One of those things that veteran mothers tell newbies is that every baby is different. And this is absolutely true. But my mother (a veteran mother and labor and delivery nurse) would always add “And every labor is different too.” After experiencing four deliveries, I can say that I have yet to prove her wrong.
This labor was so different from the others that I wasn’t sure I was even in labor yet. The contractions were not increasing in intensity or becoming more regular. I had had contractions on and off all morning and while they seemed to be closer together around dinner time, they weren’t stronger. I texted my mom and said that she could come over, but I wasn’t positive that it was time yet. I texted my sister who had volunteered to stay with Bo and Maggie and told her to be on alert. But she lives an hour away and I didn’t think she needed to leave yet.
I continued to relax and breathe through contractions when my mom got here and all of a sudden, it felt urgent. I got the shakes and my body temperature started jumping around (cold one minute, really warm the next). I guess in L&D speak, I was transitioning – moving from the initial phases of labor to late stage labor. And I was still sitting in my living room with my two-year-old hugging my legs asking me if I was okay. And no one was here yet to watch the older kids. Patrick’s brother Gene was on his way but had gotten pulled over and Jes was stuck in rush hour traffic.

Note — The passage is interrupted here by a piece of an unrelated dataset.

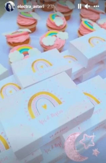 Η Ηλέκτρα Αστέρη δημοσίευσε φωτογραφία με τα γλυκά και τις μπομπονιέρες όπου πάνω ήταν γραμμένα τα ονόματα των νεοφώτιστων.
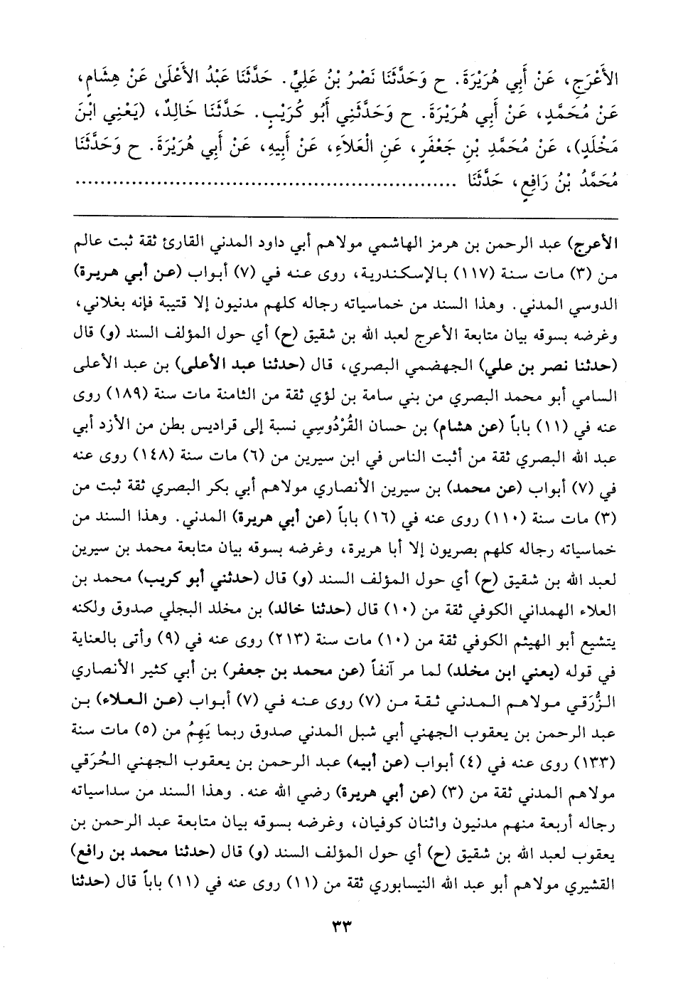 الأعرج) عبد الرحمن بن هرمز الهاشمي مولاهم أبي داود المدني القارئ ثقة ثبت عالم من (٣) مات سنة (١١٧) بالإسكندرية، روى عنه في (٧) أبواب (عن أبي هريرة) الدوسي المدني. وهذا السند من خماسياته رجاله كلهم مدنيون إلا قتيبة فإنه بغلاني، وغرضه بسوقه بيان متابعة الأعرج لعبد الله بن شقيق (ح) أي حول المؤلف السند (و) قال (حدثنا نصر بن علي) الجهضمي البصري، قال (حدثنا عبد الأعلى) بن عبد الأعلى السامي أبو محمد البصري من بني سامة بن لؤي ثقة من الثامنة مات سنة (١٨٩) روى عنه في (١١) بابا (عن هشام) بن حسان القُرْدُوسِي نسبة إلى قراديس بطن من الأزد أبي عبد الله البصري ثقة من أثبت الناس في ابن سيرين من (٦) مات سنة (١٤٨) روى عنه في (٧) أبواب (عن محمد) بن سيرين الأنصاري مولاهم أبي بكر البصري ثقة ثبت من (٣) مات سنة (١١٠) روى عنه في (١٦) بابا (عن أبي هريرة) المدني. وهذا السند من خماسياته رجاله كلهم بصريون إلا أبا هريرة، وغرضه بسوقه بيان متابعة محمد بن سيرين لعبد الله بن شقيق (ح) أي حول المؤلف السند (و) قال (حدثني أبو كريب) محمد بن العلاء الهمداني الكوفي ثقة من (١٠) قال (حدثنا خالد) بن مخلد البجلي صدوق ولكنه يتشيع أبو الهيثم الكوفي ثقة من (١٠) مات سنة (٢١٣) روى عنه في (٩) وأتى بالعناية في قوله (يعني ابن مخلد) لما مر آنفًا (عن محمد بن جعفر) بن أبي كثير الأنصاري الزُّرَقي مولاهم المدني ثقة من (٧) روى عنه في (٧) أبواب (عن العلاء) بن عبد الرحمن بن يعقوب الجهني أبي شبل المدني صدوق ربما يَهِمُ من (٥) مات سنة (١٣٣) روى عنه في (٤) أبواب (عن أبيه) عبد الرحمن بن يعقوب الجهني الحُرَقي مولاهم المدني ثقة من (٣) (عن أبي هريرة) رضي الله عنه. وهذا السند من سداسياته رجاله أربعة منهم مدنيون واثنان كوفيان، وغرضه بسوقه بيان متابعة عبد الرحمن بن يعقوب لعبد الله بن شقيق (ح) أي حول المؤلف السند (و) قال (حدثنا محمد بن رافع) القشيري مولاهم أبو عبد الله النيسابوري ثقة من (١١) روى عنه في (١١) بابا قال (حدثنا

Once Gene got there, we (Patrick, my mom and I) got in the car and raced to the hospital. I was genuinely afraid I would have the baby on the way. We got there at about 7:30 and my mom bypassed hospital admissions and put me straight in a room. They gave me a gown and I threw my clothes off without paying much attention to where they ended up. Then the nurse checked me and I was 9.5cm dilated and she said she could feel the bag bulging. I really wanted to push, but the doctor wasn’t there yet. My mom put on gloves and that made me feel better. She told me to bear down just hard enough to relieve the pressure.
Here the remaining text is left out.